We can now put it all together into a model. This is exactly the same as in the [basic retrieval](basic_retrieval) tutorial.

In [None]:
class MovielensModel(tfrs.Model):

  def __init__(self, user_model, movie_model):
    super().__init__()
    self.movie_model = movie_model
    self.user_model = user_model
    self.task = task

  def compute_loss(self, features: Dict[Text, tf.Tensor], training=False) -> tf.Tensor:
    # We pick out the user features and pass them into the user model.
    user_embeddings = self.user_model([features["user_id"], features["bucketized_user_age"], features["user_occupation_label"], features['user_gender']])
    # And pick out the movie features and pass them into the movie model,
    # getting embeddings back.
    positive_movie_embeddings = self.movie_model(features["movie_title"])

    # The task computes the loss and the metrics.
    return self.task(user_embeddings, positive_movie_embeddings)

## Fitting and evaluating

Now we instantiate and compile the model within the distribution strategy scope.

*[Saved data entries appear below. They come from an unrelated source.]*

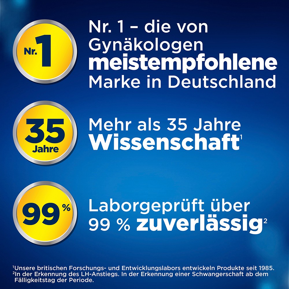 - Keine Marke ist genauer: Clearblue ist über 99 % zuverlässig in der Erkennung einer Schwangerschaft ab dem Fälligkeitstag der Periode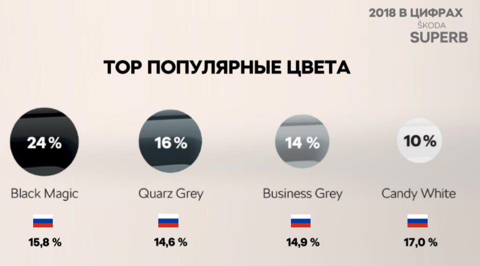 Эта Шкода предлагается в 11 цветах из которых 6 - разные оттенки серого, при чем тут Россия?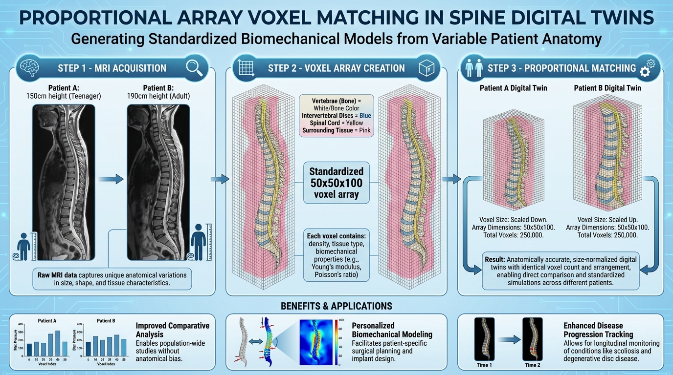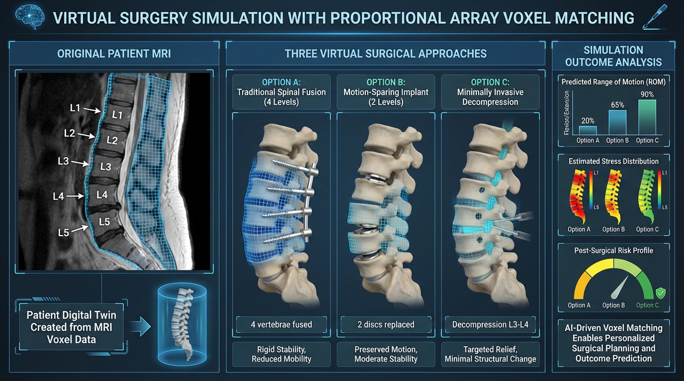 Proportional Array Voxel Matching offers an alternative. Doctors can create a predictive twin—a computer model of a specific patient's spine based on their MRI voxel data. Then they can virtually simulate different surgical approaches on this same digital spine. The system predicts outcomes for each approach by matching the post-surgery virtual spine against historical data.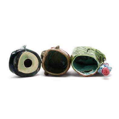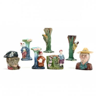 Four bud vases (good condition, chip to man's finger); a monkey with a removable hat; a man with a hat cover (hat broken and glued); a low vase.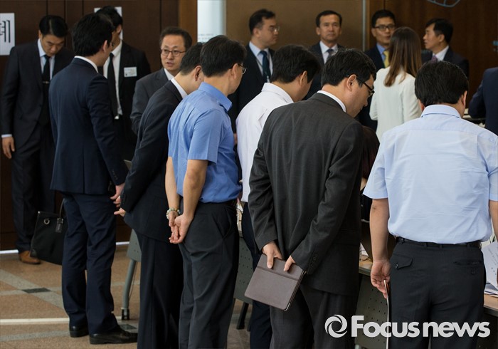 (서울=포커스뉴스) 31일 오전 서울 종로구 현대그룹 본사에서 열린 현대상선 사채권자 집회에 사채권자 및 관계자들이 입장하고 있다. 사채권자 집회는 일정 금액 이상 사채권자들의 동의를 얻어 해당 사채의 조건을 일괄 변경하는 상법 절차다.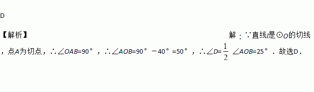 如图,直线l是⊙O的切线,点A为切点,B为直线l上一点,连接OB交⊙O于点C,D是优弧AC上一点,连接AD、CD.若∠ABO=40°.则∠D的大小是( )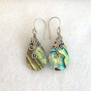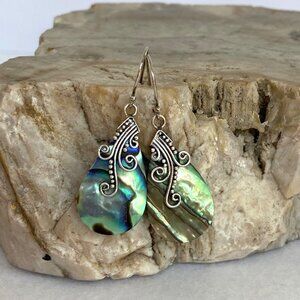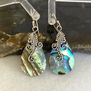 Sterling Silver 925 1.64" Abalone Shell Teardrop Scrollwork Dangle Earrings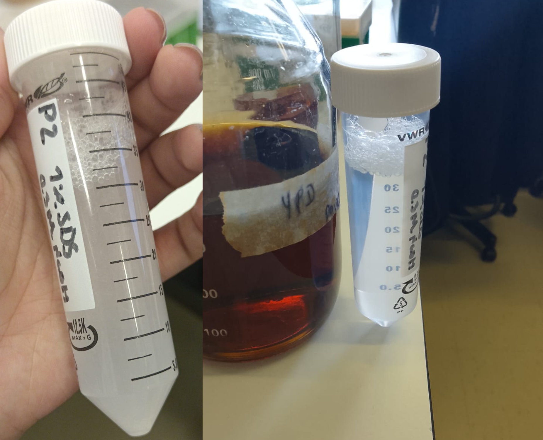 - Add 200 µL of buffer P2, mix by inversion about ten times, do not vortex or else the chromosomal DNA might fragment and contaminate the plasmid DNA. Wear goggles for this step! Sometimes the SDS in the P2 buffer precipitates (see image below). This can usually be resolved by heating water in the electric kettle an immerse the tube for 1-2 min. Be careful to release pressure slowly when opening the tube.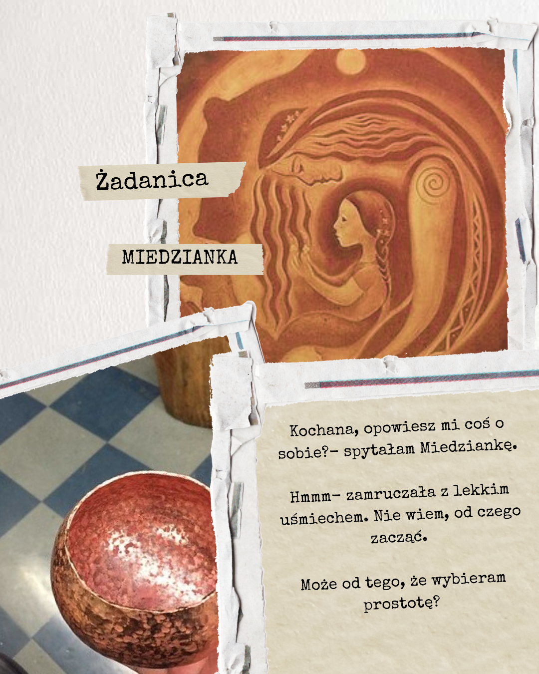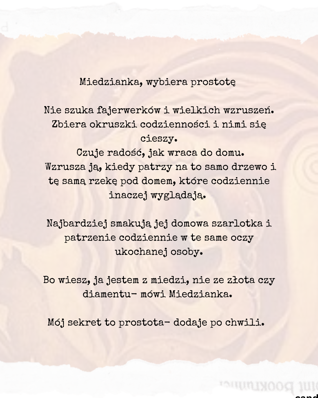 Kochana, opowiesz mi coś o sobie?- spytałam Miedziankę. Siedziała przy długim, drewnianym stole i piła gorącą czekoladę z prostego, glinianego kubka. Wyglądała jednocześnie jak ze skansenu i z okładki modnego magazynu modowego. Jej ubranie i cała ona, mieniła się kolorem dojrzałego kasztana, który dopiero co wyłuskany został z grubej, zielonej skorupy.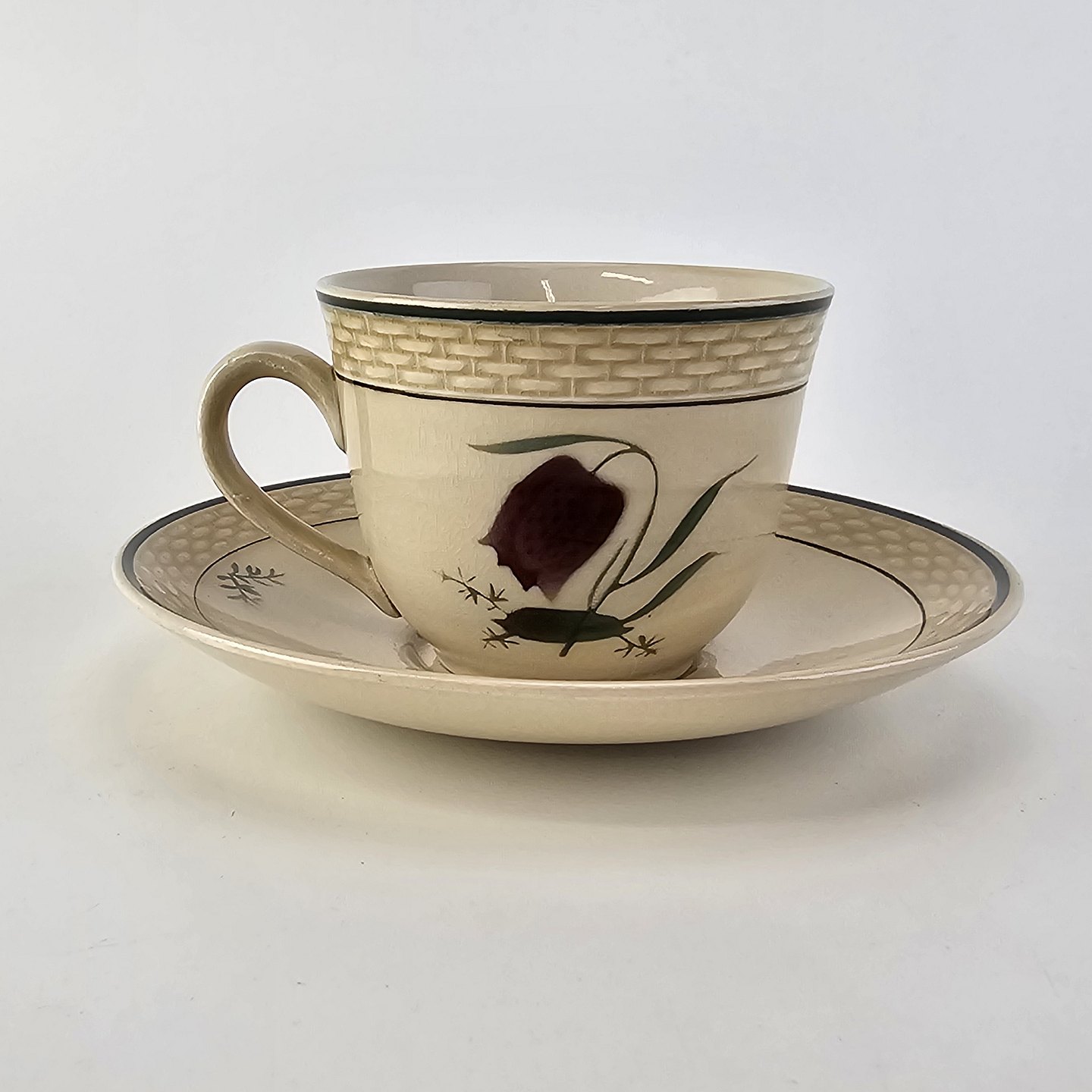 Kaffekop med underkop i fajance fra stellet Vibeæg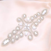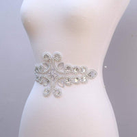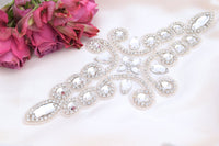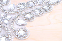 1 Silver Rhinestone Double Swirl Bridal Belt Sash Patch Applique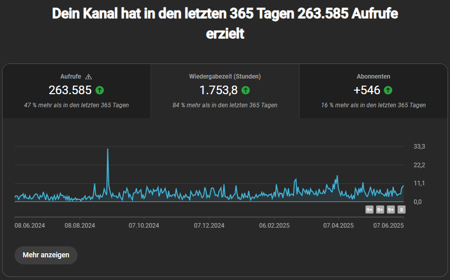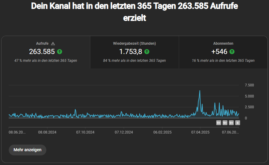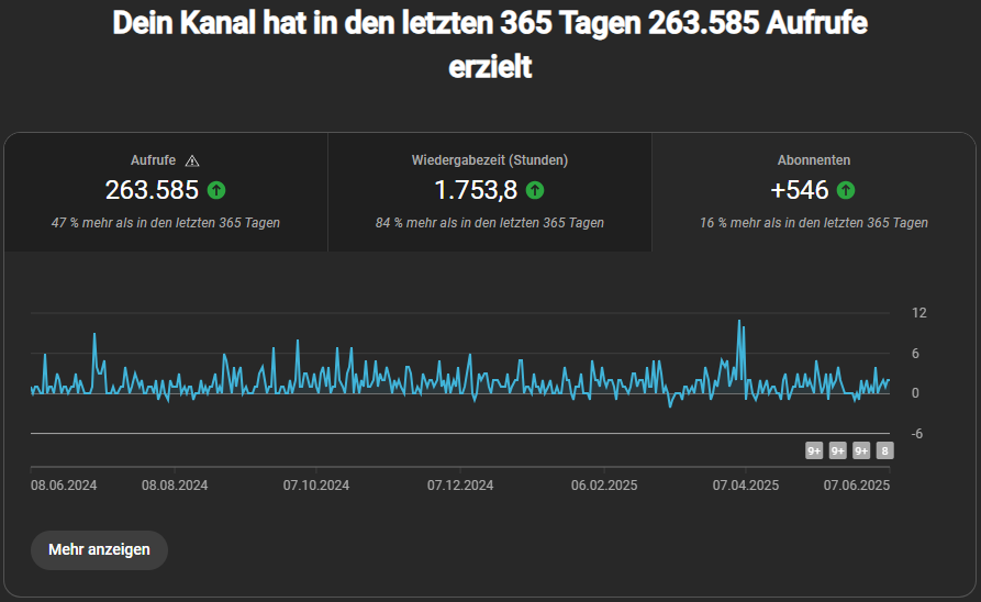 Ich denke mal man kann anhand des Grafen des letzten Jahres gut sehen wie sich alles so entwickelt hat und ich würde sagen Wiedergabezeit geht langsam stetig hoch, Rest stagniert allerdings inzwischen seit einem Jahr bisschen. Obwohl ich mich wie gesagt echt nicht beklagen kann, ich seh ja bei anderen Kolleg*innen in meiner Furry Bubble, dass es bei mir schon recht gut steigend ist. Vermutlich wäre man nie wirklich zufrieden, weil man sich auch schnell an neue Zahlen gewöhnt egal wie groß sie werden.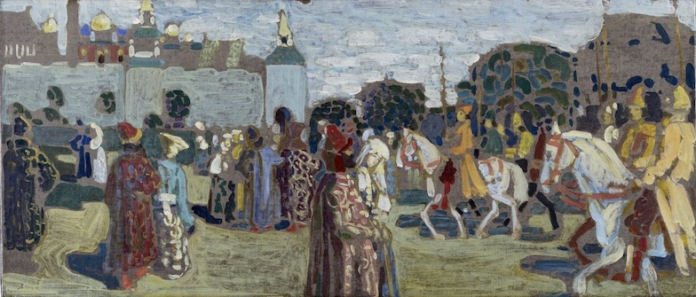 ☞ Kandinsky se destinait à une carrière juridique mais à trente ans, il décide de devenir peintre. Ce tournant, raconte-t-il dans son autobiographie Regards sur le passé, serait lié à deux expériences vécues en 1896 : l’émotion éprouvée devant l’une des Meules de foin de Monet présentée à Moscou et la découverte de l’opéra Lohengrin de Wagner au théâtre du Bolchoï. Ses premiers tableaux puisent leur inspiration dans l’art populaire russe. Toute sa vie, Moscou restera sa patrie spirituelle et visuelle.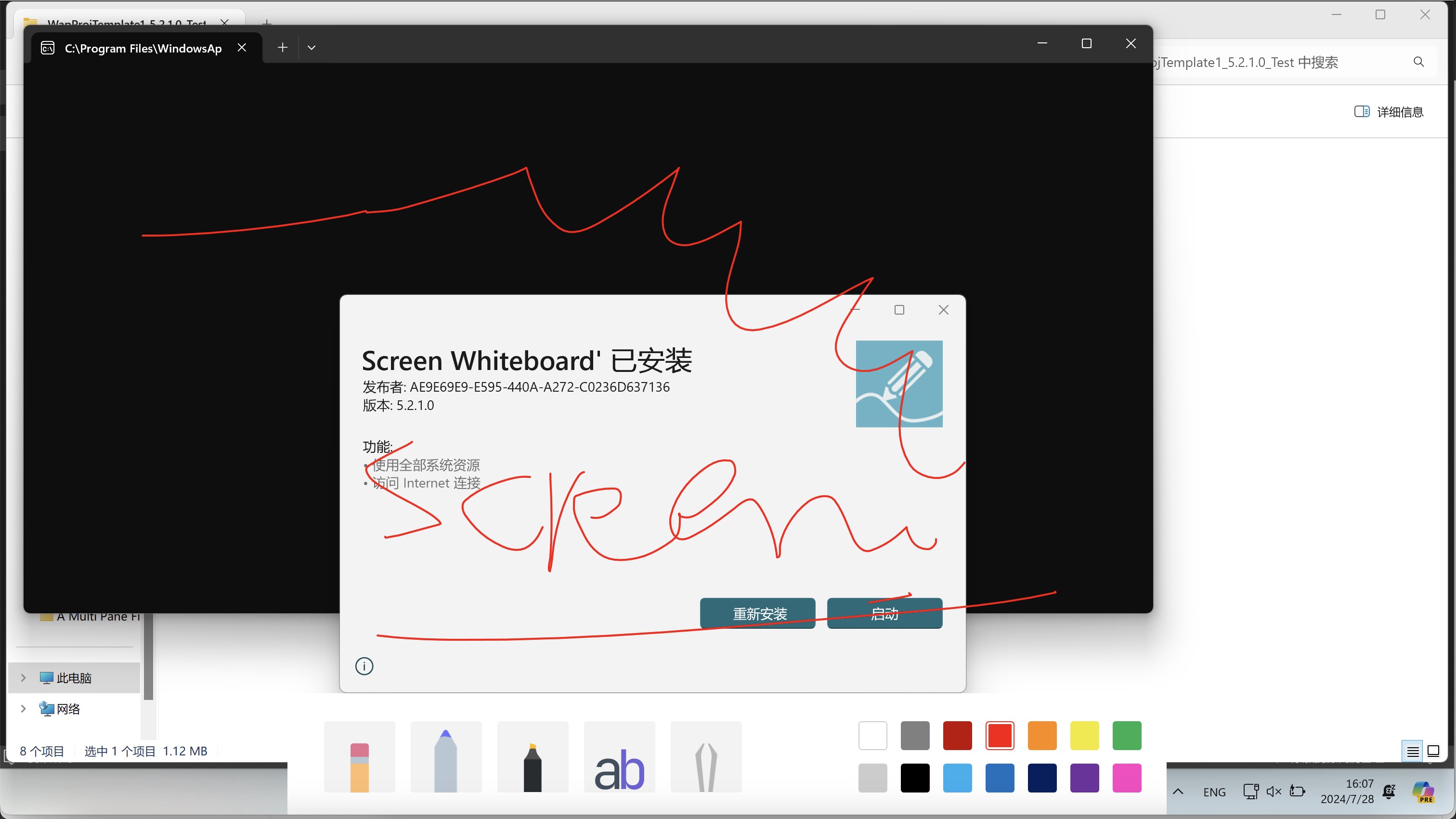 Screen Whiteboard — a transparent white board on top of your screen. You can draw with a pen or create text blocks on it.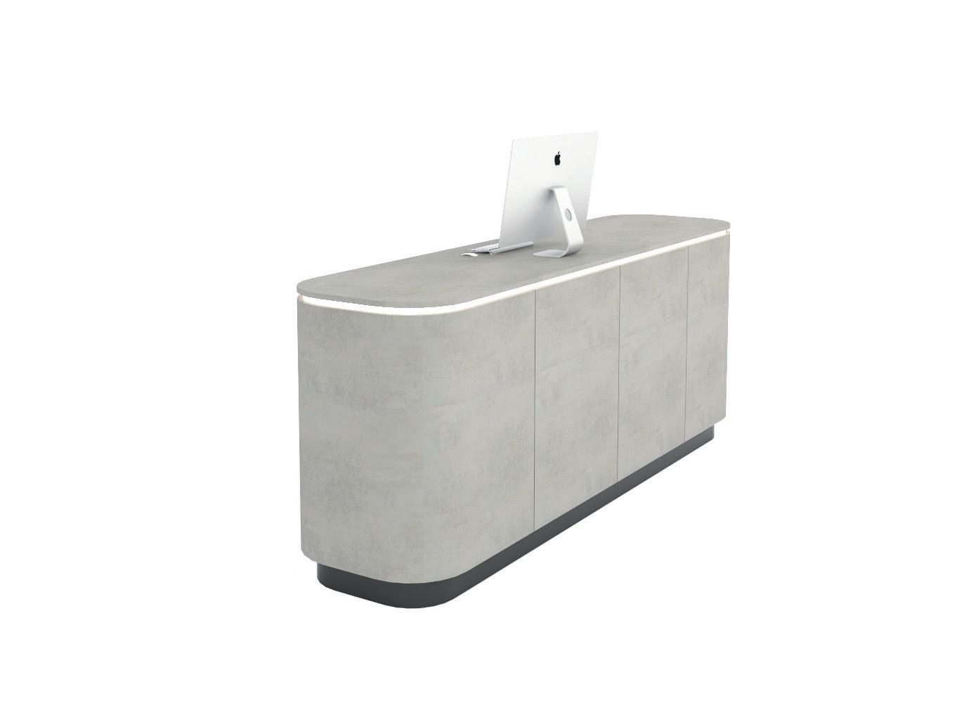 En oval receptionsdisk för en djärv och okonventionell interiör. Den rundade formen tillsammans med en mängd tillgängliga färgval ger möjligheten till en unik receptionsdisk.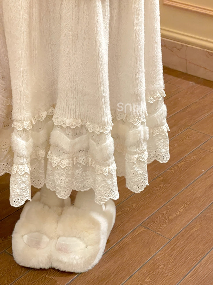 Beigefarbener Midirock mit hoher Taille und Spitzenakzenten und Volantsaum

Note that we are using Adam optimizer here instead of Adagrad as in the [basic retrieval](basic_ranking) tutorial since Adagrad is not supported here.

In [None]:
with strategy.scope():
  model = MovielensModel(user_model, movie_model)
  model.compile(optimizer=tf.keras.optimizers.Adam(learning_rate=0.1))

Then shuffle, batch, and cache the training and evaluation data.

In [None]:
cached_train = train.shuffle(100_000).batch(8192).cache()
cached_test = test.batch(4096).cache()

Then train the  model:

In [None]:
model.fit(cached_train, epochs=3)

Epoch 1/3


KeyError: ignored

You can see from the training log that TFRS is making use of both virtual GPUs.

Finally, we can evaluate our model on the test set:

In [None]:
model.evaluate(cached_test, return_dict=True)



{'factorized_top_k/top_1_categorical_accuracy': 9.999999747378752e-05,
 'factorized_top_k/top_5_categorical_accuracy': 0.001500000013038516,
 'factorized_top_k/top_10_categorical_accuracy': 0.005900000222027302,
 'factorized_top_k/top_50_categorical_accuracy': 0.06525000184774399,
 'factorized_top_k/top_100_categorical_accuracy': 0.1565999984741211,
 'loss': 29401.66796875,
 'regularization_loss': 0,
 'total_loss': 29401.66796875}

This concludes the retrieval with distribution strategy tutorial.